January 01, 2007

12:35 PM: reflections

Mom says this year will be better because it's an odd year and I was born in an odd year. I don't get her logic but I'm willing to be hopeful. '06 wasn't all bad, though. I've certainly had worse. Aside from a little heartache, Lisa's cancer scare, and some surgery, there were lots of good things, too.

Like new friends. I made a collection of new friends this year, including Rob, who's still one of my best. The Walk grew a ton and I have new family there.










And there were friendships that grew stronger. Erin and I attained BWF status, and life's events brought me closer to friends like Libby, Anne, Tammie, and Jon. Lisa keeps teaching me to feel "out loud" every day, and I got to see Jill for the first time in a million years.

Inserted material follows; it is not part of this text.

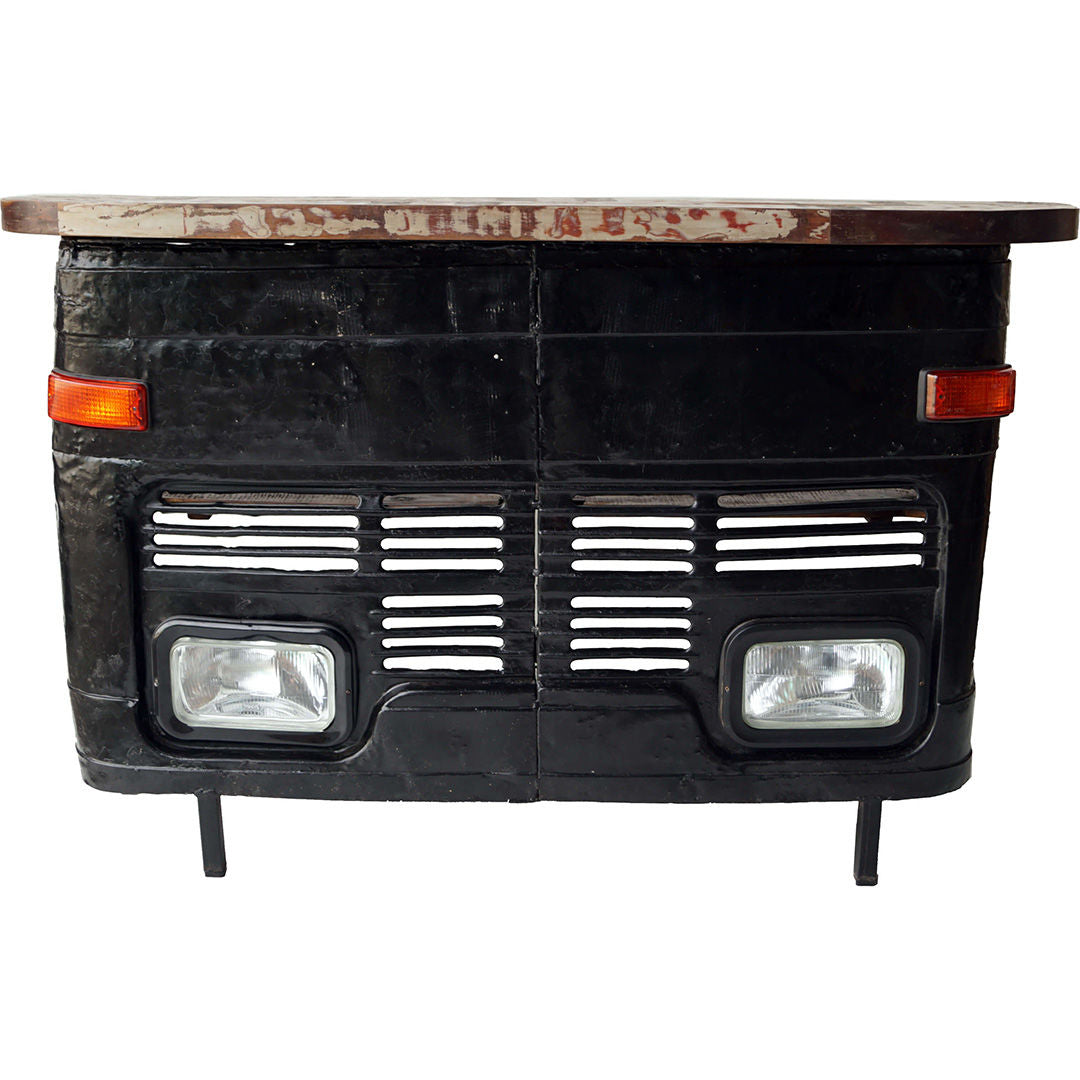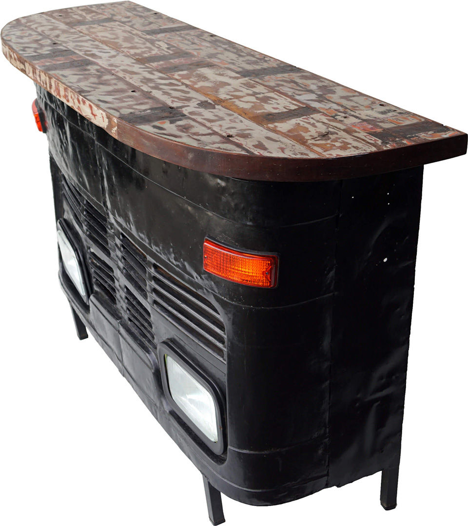 Sjov og anderledes bar med et maskulint udtryk. Baren er fremstillet af fronten fra en gammel lastbil af mærket TATA. Fronten er sortmalet og med bordplade fremstillet i genbrugstræ. Der er god plads til opbevaring, da der inde i baren er en lang hylde. Baren kan både bruges i herrerummet i din private bolig, men er også et godt blikfang i din business. Baren vil tilføre din indretning i din café, restaurant, kaffebar eller tøjforretning et sjovt og anderledes råt look. Til dig der ønsker at tilføre noget unikt til din indretning.

Though the surgery wasn't a high point, there was a high point there--I saw an outpouring of love from my friends and family and it was really special to know how much they care. It's this kind of thing that shows you who your true friends are. I didn't realize I had so many who fit so solidly into that category.


'06 brought changes at work. Some were good, some weren't, but adjusting to change has been a good lesson for me either way. Things are going to be different by the time I get back, but I guess that'll be a story for 2007, won't it? I feel fortunate to still love my work after all these years.

God has been good to me this year, in spite of how I've treated Him. I've been selfish and lazy and conceited. I've had lousy desires that didn't match His. I followed my own way lots of times instead of consulting with Him first. I sucked at spending time with Him. I had my focus on myself. Yet every day He was there catching me when I was falling (and failing).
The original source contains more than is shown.